§ **Try it**: All of the data below should be set down again verbatim, without any images.

§ **Provided material**:
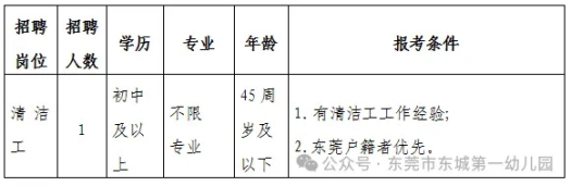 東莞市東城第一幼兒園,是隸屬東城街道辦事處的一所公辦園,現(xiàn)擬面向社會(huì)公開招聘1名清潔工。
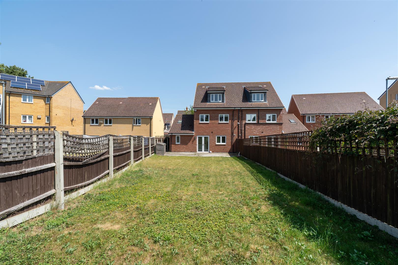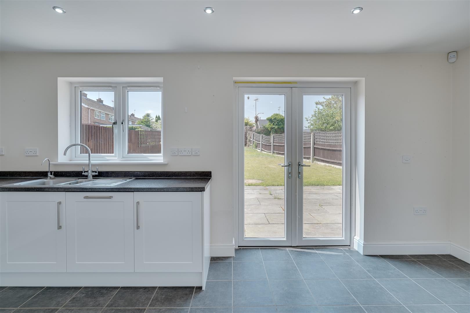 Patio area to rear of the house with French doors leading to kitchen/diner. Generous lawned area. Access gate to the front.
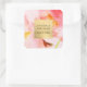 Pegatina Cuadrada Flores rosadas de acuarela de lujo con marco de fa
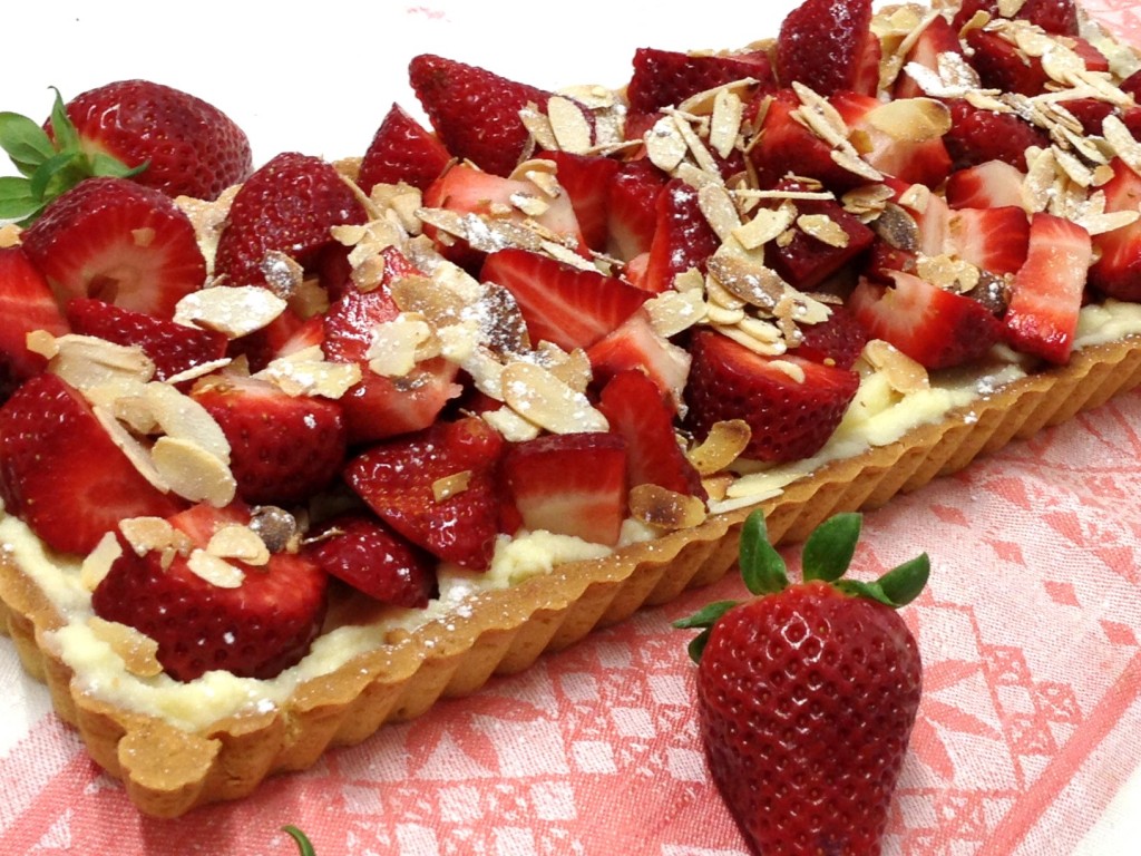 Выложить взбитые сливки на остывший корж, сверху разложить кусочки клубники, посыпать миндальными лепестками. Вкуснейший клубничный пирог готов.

§ **Response to this task**:
 東莞市東城第一幼兒園,是隸屬東城街道辦事處的一所公辦園,現(xiàn)擬面向社會(huì)公開招聘1名清潔工。
 Patio area to rear of the house with French doors leading to kitchen/diner. Generous lawned area. Access gate to the front.
 Pegatina Cuadrada Flores rosadas de acuarela de lujo con marco de fa
 Выложить взбитые сливки на остывший корж, сверху разложить кусочки клубники, посыпать миндальными лепестками. Вкуснейший клубничный пирог готов.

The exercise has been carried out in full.